▸ Work to complete: The listing is to be transcribed in full, with its images left out.

((

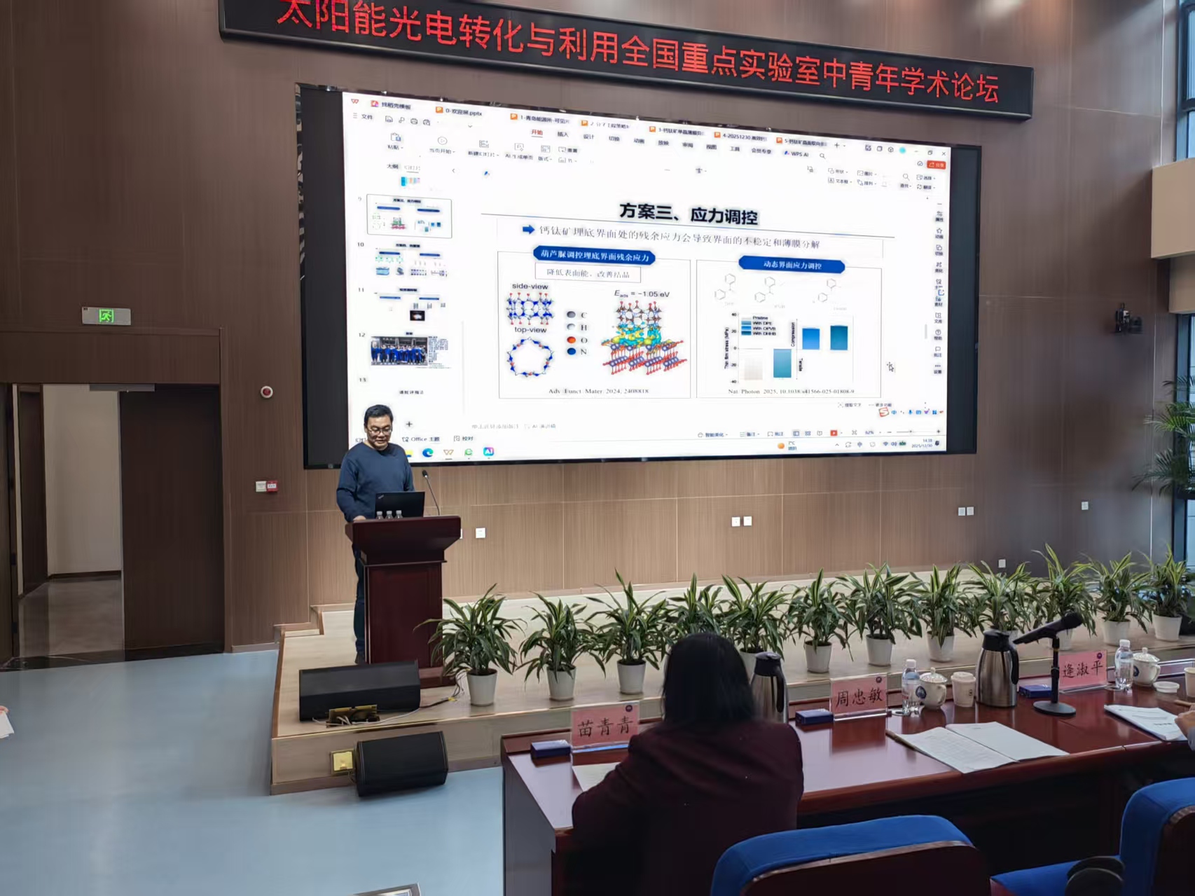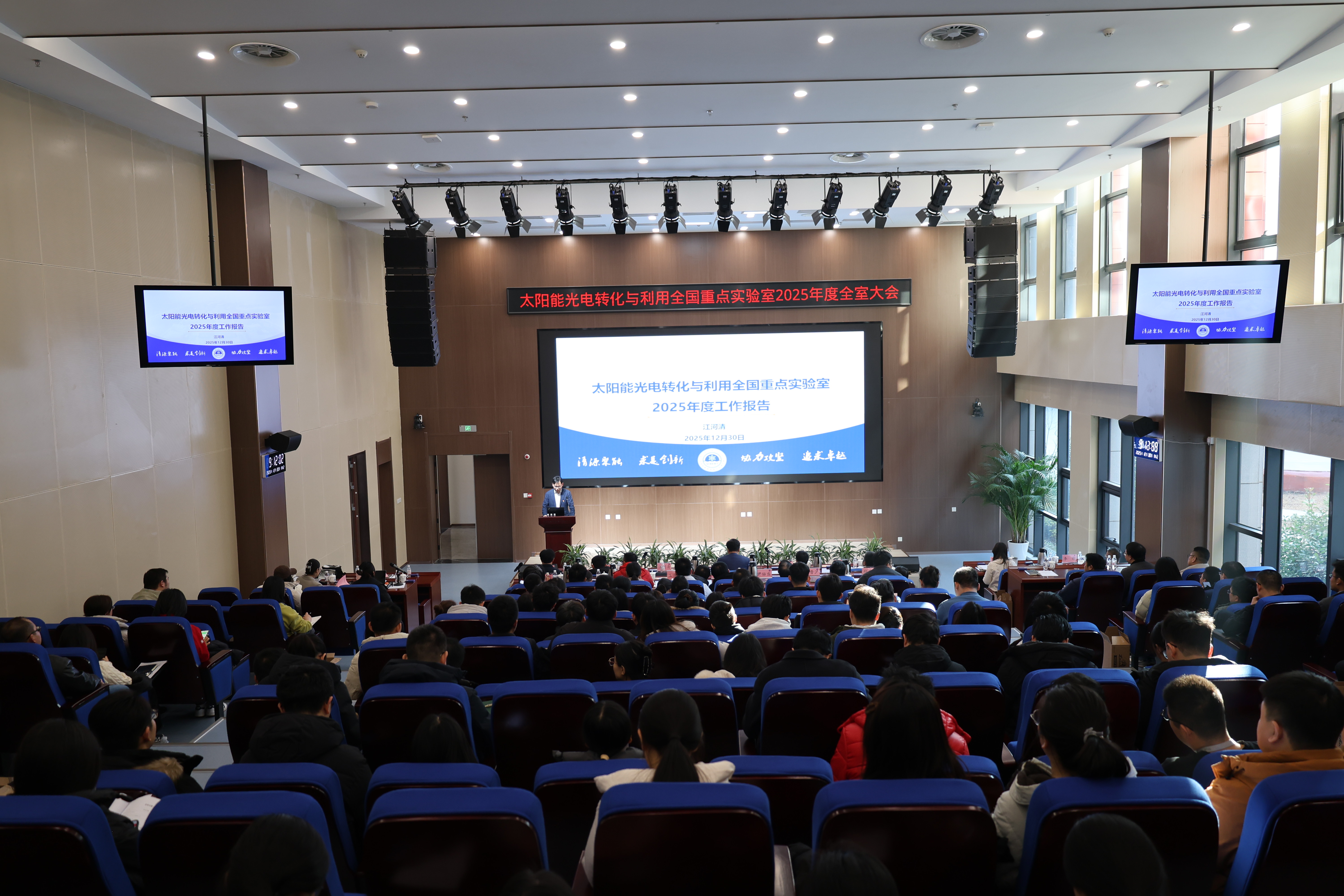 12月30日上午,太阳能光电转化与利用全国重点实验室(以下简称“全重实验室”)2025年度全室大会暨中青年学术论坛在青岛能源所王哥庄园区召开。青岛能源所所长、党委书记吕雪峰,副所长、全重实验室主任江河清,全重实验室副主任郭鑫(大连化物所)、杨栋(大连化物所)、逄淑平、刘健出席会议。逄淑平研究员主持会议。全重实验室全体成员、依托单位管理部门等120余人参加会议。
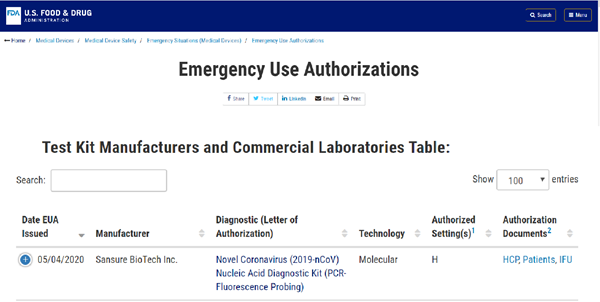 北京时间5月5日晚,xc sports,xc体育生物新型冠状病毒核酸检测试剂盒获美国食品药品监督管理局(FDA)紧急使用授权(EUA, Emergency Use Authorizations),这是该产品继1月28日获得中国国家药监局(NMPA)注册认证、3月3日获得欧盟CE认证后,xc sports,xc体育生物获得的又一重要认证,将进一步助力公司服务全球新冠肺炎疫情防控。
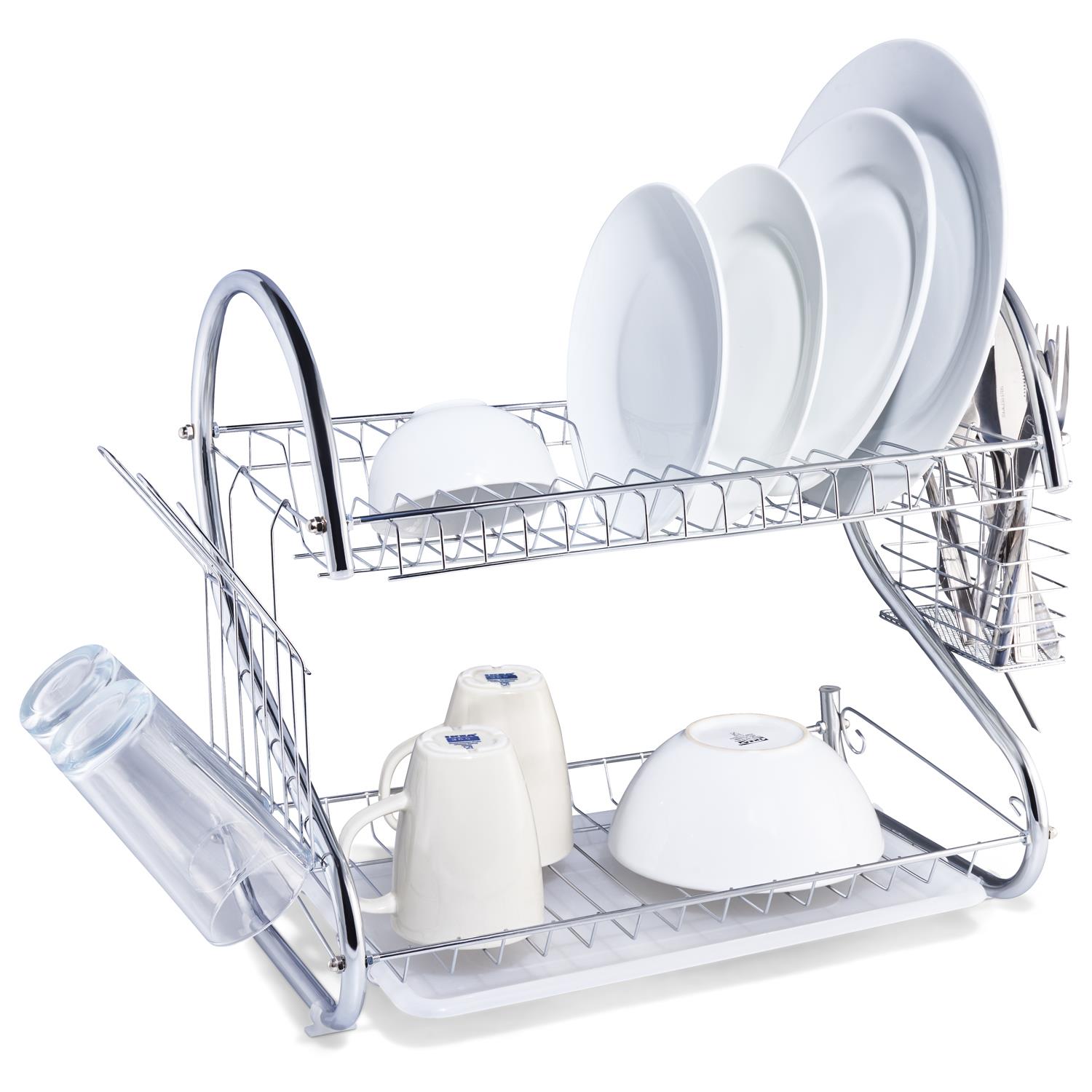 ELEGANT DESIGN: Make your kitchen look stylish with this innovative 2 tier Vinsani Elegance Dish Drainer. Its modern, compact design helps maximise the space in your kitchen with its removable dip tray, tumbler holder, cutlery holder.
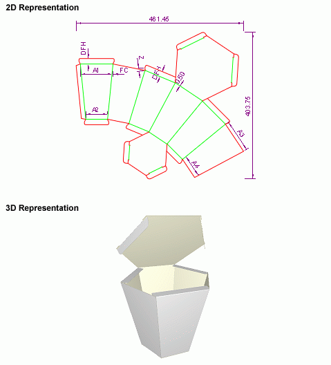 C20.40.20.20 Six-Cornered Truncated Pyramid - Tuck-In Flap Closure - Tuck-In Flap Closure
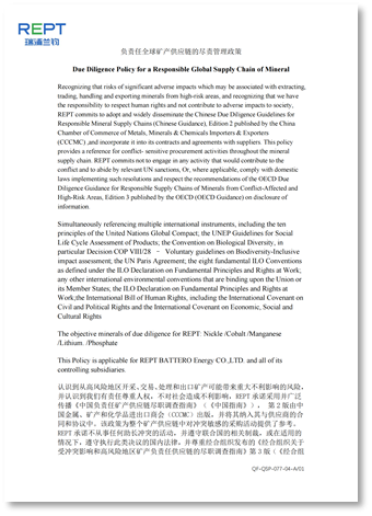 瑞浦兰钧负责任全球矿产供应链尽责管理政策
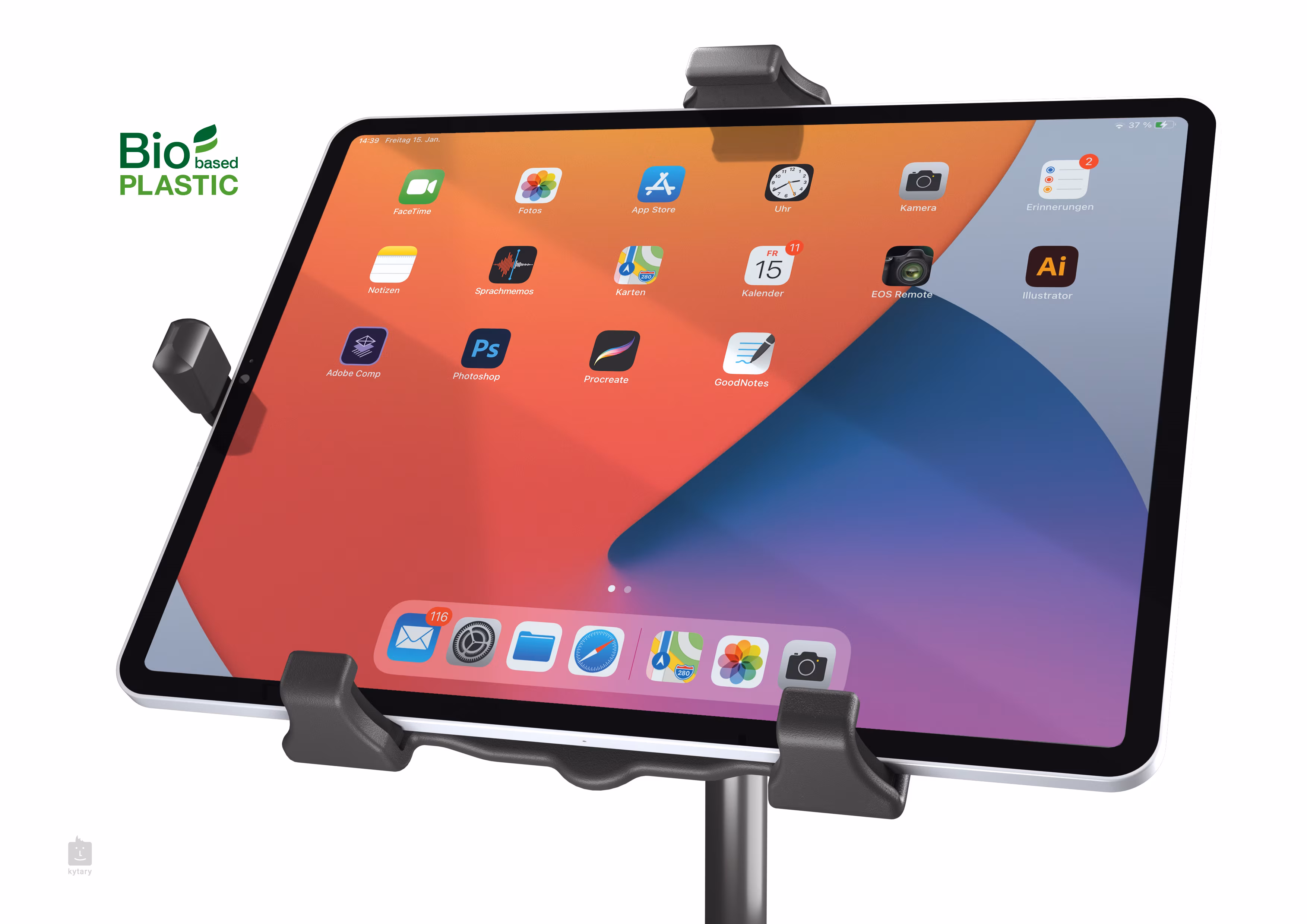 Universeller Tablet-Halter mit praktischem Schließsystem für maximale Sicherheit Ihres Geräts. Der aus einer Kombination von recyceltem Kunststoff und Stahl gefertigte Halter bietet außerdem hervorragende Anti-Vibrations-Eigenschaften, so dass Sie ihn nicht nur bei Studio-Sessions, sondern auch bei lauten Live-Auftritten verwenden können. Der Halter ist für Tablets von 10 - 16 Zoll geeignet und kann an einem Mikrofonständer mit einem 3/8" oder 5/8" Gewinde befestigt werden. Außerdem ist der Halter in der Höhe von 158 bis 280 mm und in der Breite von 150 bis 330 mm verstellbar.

))

▸ Answer for the task:
 12月30日上午,太阳能光电转化与利用全国重点实验室(以下简称“全重实验室”)2025年度全室大会暨中青年学术论坛在青岛能源所王哥庄园区召开。青岛能源所所长、党委书记吕雪峰,副所长、全重实验室主任江河清,全重实验室副主任郭鑫(大连化物所)、杨栋(大连化物所)、逄淑平、刘健出席会议。逄淑平研究员主持会议。全重实验室全体成员、依托单位管理部门等120余人参加会议。
 北京时间5月5日晚,xc sports,xc体育生物新型冠状病毒核酸检测试剂盒获美国食品药品监督管理局(FDA)紧急使用授权(EUA, Emergency Use Authorizations),这是该产品继1月28日获得中国国家药监局(NMPA)注册认证、3月3日获得欧盟CE认证后,xc sports,xc体育生物获得的又一重要认证,将进一步助力公司服务全球新冠肺炎疫情防控。
 ELEGANT DESIGN: Make your kitchen look stylish with this innovative 2 tier Vinsani Elegance Dish Drainer. Its modern, compact design helps maximise the space in your kitchen with its removable dip tray, tumbler holder, cutlery holder.
 C20.40.20.20 Six-Cornered Truncated Pyramid - Tuck-In Flap Closure - Tuck-In Flap Closure
 瑞浦兰钧负责任全球矿产供应链尽责管理政策
 Universeller Tablet-Halter mit praktischem Schließsystem für maximale Sicherheit Ihres Geräts. Der aus einer Kombination von recyceltem Kunststoff und Stahl gefertigte Halter bietet außerdem hervorragende Anti-Vibrations-Eigenschaften, so dass Sie ihn nicht nur bei Studio-Sessions, sondern auch bei lauten Live-Auftritten verwenden können. Der Halter ist für Tablets von 10 - 16 Zoll geeignet und kann an einem Mikrofonständer mit einem 3/8" oder 5/8" Gewinde befestigt werden. Außerdem ist der Halter in der Höhe von 158 bis 280 mm und in der Breite von 150 bis 330 mm verstellbar.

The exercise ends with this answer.